I managed to guess from your not very clear description, you want the Arduino to accept pulses from the GPS speed sensor, and then convert the speed data and output it to the speedometer by producing a pulse train that controls the speedometer. Is that correct? If you start answering the questions that are asked, this will go a lot faster.

Here's an attempt using interrupts on a Mega2560 to help time in the incoming GPS pulses and polling to do the output pulses.

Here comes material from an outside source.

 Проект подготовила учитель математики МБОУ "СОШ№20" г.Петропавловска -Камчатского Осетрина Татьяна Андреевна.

Based on scope testing this seems reasonably accurate; if you want more accuracy you'll need to use hardware timer functions like input capture and PWM outputs.

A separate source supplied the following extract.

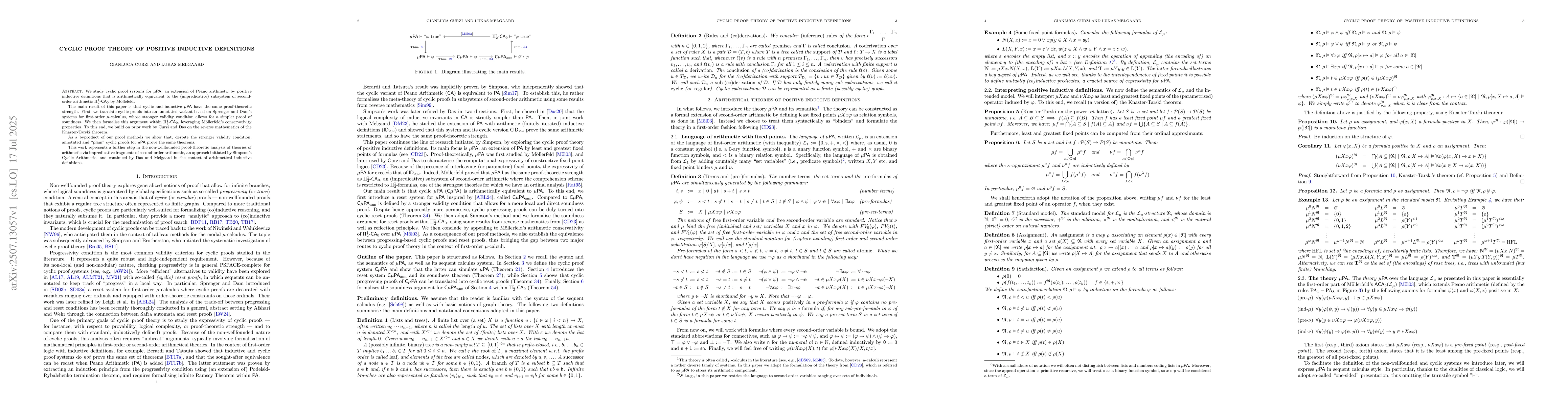 We study cyclic proof systems for $\mu\mathsf{PA}$, an extension of Peano arithmetic by positive inductive definitions that is arithmetically equivalent to the (impredicative) subsystem of second-order arithmetic $\Pi^1_2$-$\mathsf{CA}_0$ by M\"{o}llefeld. The main result of this paper is that cyclic and inductive $\mu\mathsf{PA}$ have the same proof-theoretic strength. First, we translate cyclic proofs into an annotated variant based on Sprenger and Dam's systems for first-order $\mu$-calculus, whose stronger validity condition allows for a simpler proof of soundness. We then formalise this argument within $\Pi^1_2$-$\mathsf{CA}_0$, leveraging M\"{o}llerfeld's conservativity properties. To this end, we build on prior work by Curzi and Das on the reverse mathematics of the Knaster-Tarski theorem. As a byproduct of our proof methods we show that, despite the stronger validity condition, annotated and "plain" cyclic proofs for $\mu\mathsf{PA}$ prove the same theorems. This work represents a further step in the non-wellfounded proof-theoretic analysis of theories of arithmetic via impredicative fragments of second-order arithmetic, an approach initiated by Simpson's Cyclic Arithmetic, and continued by Das and Melgaard in the context of arithmetical inductive definitions.
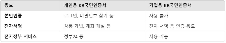KB국민인증서는 보안카드나 OTP 없이 간편하게 로그인할 수 있는 인증서입니다. 개인용과 기업용으로 나뉘며, 간편한 비밀번호나 생체 인증(지문, 얼굴 인식)으로 로그인할 수 있습니다.

(FWIW, I used pin 7 to generate a test pulse, fed to the GPS input pin for bench testing...)

/*
 * Sketch:  sketch_oct16e
 * Target:  Mega2560
 *      
 */

const uint32_t K_TST_GPS_TIME_LO    = (700000ul >> 1);  //uS    toggle period of test signal pinTest - slow speed
const uint32_t K_TST_GPS_TIME_HI    = (6667ul >> 1);    //uS    toggle period of test signal pinTest - fast speed
const uint32_t K_TEST_GPS_STEP      = 1000ul;           //uS    toggle sweep step size

const uint32_t K_MPH_MIN_US     = 149812ul;             //uS    MPH = 224719.10/K blanking threshold

const uint8_t pinGPS = 2;   //GPS input
const uint8_t pinMPH = 3;   //2.225x MPH output

const uint8_t pinTest = 7;  //connect to pin 2 for bench testing

bool
    bMPHEn;
volatile bool    
    g_isr_bFirst,
    g_isr_bEvt;
volatile uint32_t
    g_isr_u32deltaGPS,
    g_isr_u32timeGPS;
uint32_t
    g_MPHuS;
    
void setup() 
{    
    pinMode( pinGPS, INPUT_PULLUP );
    attachInterrupt( digitalPinToInterrupt( pinGPS ), isr_GPS, RISING );
    pinMode( pinMPH, OUTPUT );
    pinMode( pinTest, OUTPUT );

    bMPHEn = false;
    digitalWrite( pinMPH, LOW );
    
    g_isr_bFirst = true;
    g_isr_bEvt = false;  
    g_MPHuS = K_MPH_MIN_US;  

}//setup

void loop() 
{
    genTestGPS();
    calcMPH();
    mphHandler();    
    
}//loop


void genTestGPS( void )
{
    static uint32_t
        timeToggle = K_TST_GPS_TIME_LO,
        timeTest = 0ul;
    static bool
        bDir = false;
    uint32_t
        timeNow = micros();

    if( timeNow - timeTest >= timeToggle )
    {
        digitalWrite( pinTest, digitalRead( pinTest ) ^ HIGH );        
        timeTest = timeNow;

        switch( bDir )
        {
            case    false:
                timeToggle -= K_TEST_GPS_STEP;
                if( timeToggle <= K_TST_GPS_TIME_HI )
                    bDir = true;
                    
            break;

            case    true:
                timeToggle += K_TEST_GPS_STEP;
                if( timeToggle >= K_TST_GPS_TIME_LO )
                    bDir = false;
                    
            break;
        }//switch
        
    }//if
    
}//genTestGPS

void isr_GPS( void )
{
    static uint32_t
        lastGPS;
    uint32_t
        nowGPS;

    nowGPS = micros();
    
    if( g_isr_bFirst )
    {
        g_isr_bFirst = false;
        lastGPS = nowGPS;
        
    }//if
    else
    {
        g_isr_u32deltaGPS = nowGPS - lastGPS;        
        lastGPS = nowGPS;
        
        g_isr_bEvt = true;
        
    }//else
    
}//isr_GPS

void mphHandler( void )
{
    static uint32_t
        timeMPH = 0ul;
    uint32_t        
        tNow = micros();

    if( g_MPHuS < K_MPH_MIN_US )
    {
        if( (tNow - timeMPH) >= g_MPHuS )
        {
            digitalWrite( pinMPH, digitalRead( pinMPH ) ^ HIGH );
            timeMPH = tNow;
            
        }//if

    }//if
                
}//mphTimer

void calcMPH( void )
{
    bool
        bTmp;
    uint32_t
        u32Tmp;

    noInterrupts();
    bTmp = g_isr_bEvt;
    interrupts();
    
    if( bTmp )
    {
        noInterrupts();
        g_isr_bEvt = false;
        u32Tmp = g_isr_u32deltaGPS;
        interrupts();

        float fGPSSpeed = 1.0 / ((float)u32Tmp / 1.0E6);
        float fMPH = 2.225 * fGPSSpeed;
        g_MPHuS = (uint32_t)((1.0e+6 / fMPH) / 2.0);        

    }//if
    
}//calcMPH

Would this work with other boards or just the mega2560

The only "unique" thing that might differentiate between "Arduinos" is the pin-change interrupt on pin 2. Pin 2 is pretty common across virtually all platforms as being usable for attachInterrupt() this so it should be portable.

I just put 2560 there because that's what I wrote it for and tested it on.

Do you mean external interrupt? PCINT works with almost all pins.